Hi, we've just had our first outing in 'buster' our 60plate Elddis Suntor 180 (brownhillls version of the autoquest 180) bought last month. Fitted 2adults + 2teenage daughters (one slept above the cab, one in the dining area). Its a great first van, enough to spend to get the size but just without the fancy gadgets of more expensive models. On site the whale autofill system is great and the water tank size is irrelevant as it tops up automatically. We were impressed with the ease of driving and it wasn't sluggish at all comfortably going up 'the glen' on the A75 at the speed limit. Haven't used the shower yet so can't comment on that, no problems with the kitchen tap or leaks etc so far, but only been out once. I think for an entry level you get as much as you can for the price, we also looked at new roller team and escape 686 for comparison as they are the same layout but i wasn't impressed with either. The U shape loung is adaptable in ours as the middle cushion is removable making a little coffee table between the 2 bench seats but put back meant we could all sit easily and watch the tv. Definitely have a test drive. Re storage space, yes some outside storage would be nice for our manky bike shoes/kit but i've got storage boxes under the lounge seats which do the job fine while travelling and they can go outside under the van when parked up. We didn't use all the cupboard or storage spaces on our first trip even though the girls packed their usual vast amount. Agree with earlier post about space above the kitchen/dining cupboard but find that ideal for spare kitchen and loo rolls. Hope that helps, feel free to send a PM for any specific questions. 
M


----------



## PaulW2 (May 30, 2010)

I have the Autoquest 180 (bought in July) and undertook a trip through France and Italy for 3 weeks in August with wife and our two children (17 and 20).

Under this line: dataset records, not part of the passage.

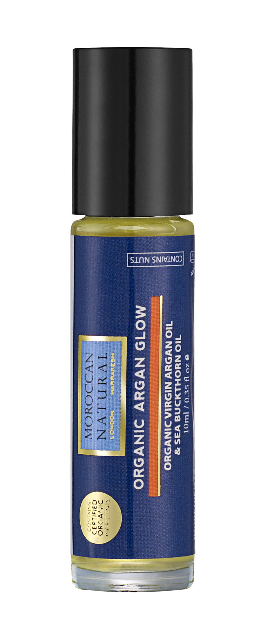 De Moroccan Natural Organic Argan Glow Rollerball is een serum voor het gezicht en heeft een handige rollerball-applicator. De mix van Arganolie en Duindoornolie, twee wonderolies, die samen de doffe en vale huid verhelpen. Arganolie is ontzettend rijk aan vitamine E en antioxidanten. Duindoornolie beschermt de huid tegen schade die wordt veroorzaakt door de zon en ioniserende straling. De vetzuren voeden en verzachten de huid en versterken de antioxidanten zoals betacaroteen deze eigenschap. Verder werkt de mix werkt verzachtend en ontstekingswerend. De huid wordt wordt herstelt, geconditioneerd en krijgt een gezonde gloed. Tevens laat zich het serum met de rollerball-applicator gemakkelijk en precieze aanbrengen. De Moroccan Natural Organic Argan Glow is vrij van parabenen en geen kunstmatige chemische stoffen.
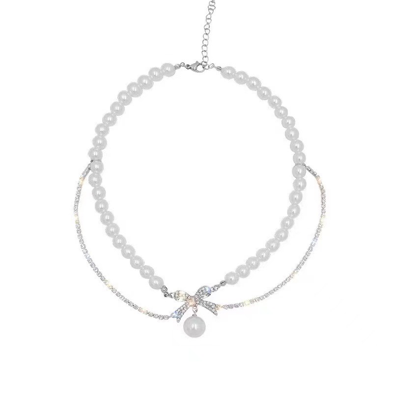 2025年爆款高级感蝴蝶结爱心项链锁骨链轻奢小众晚礼服颈链配饰女
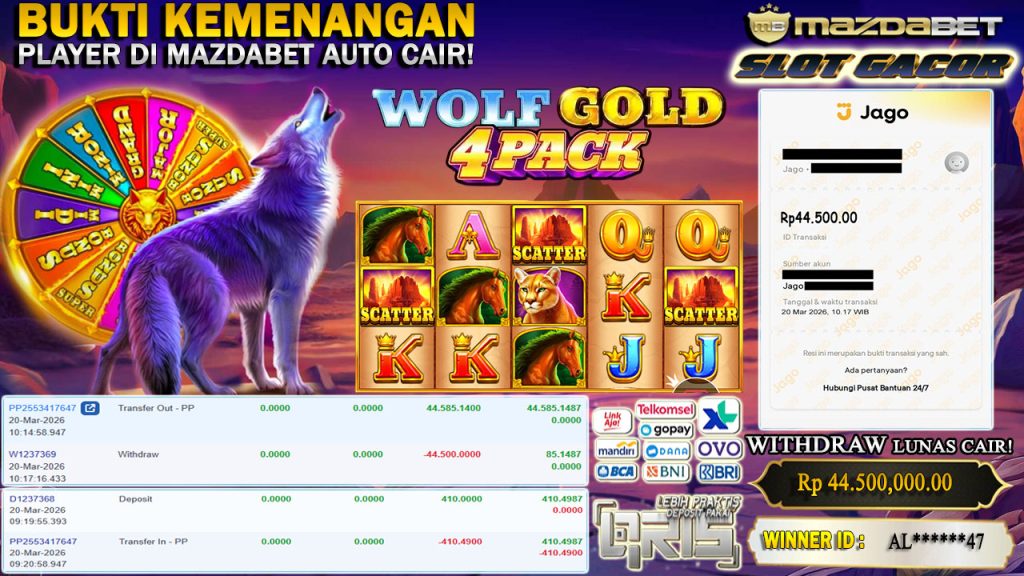 BUKTI KEMENANGAN DAN WITHDRAW 20 MARET 2026 Di Game Wolf Gold 4 Pack ( PRAGMATIC PLAY ) WD 44.5 JUTA

It worked very well and as a novice I broke/damaged very little...

The accommodation and layout is great for such a group (one 'room' for myself and wife - I put a curtain in front of the rear lounge), one for my son (overcab) and centre section for my daughter.

We used camp sites with EHU only. The acquaroll/Whale system worked well as I could bring the water to the van rather than the other way around.

I did have cab air con, awning and 2x6kg Gaslow fitted (and have since had a few other things done) and think of these the first two are essential for Southern Europe.

Would be nice to have an outside storage


----------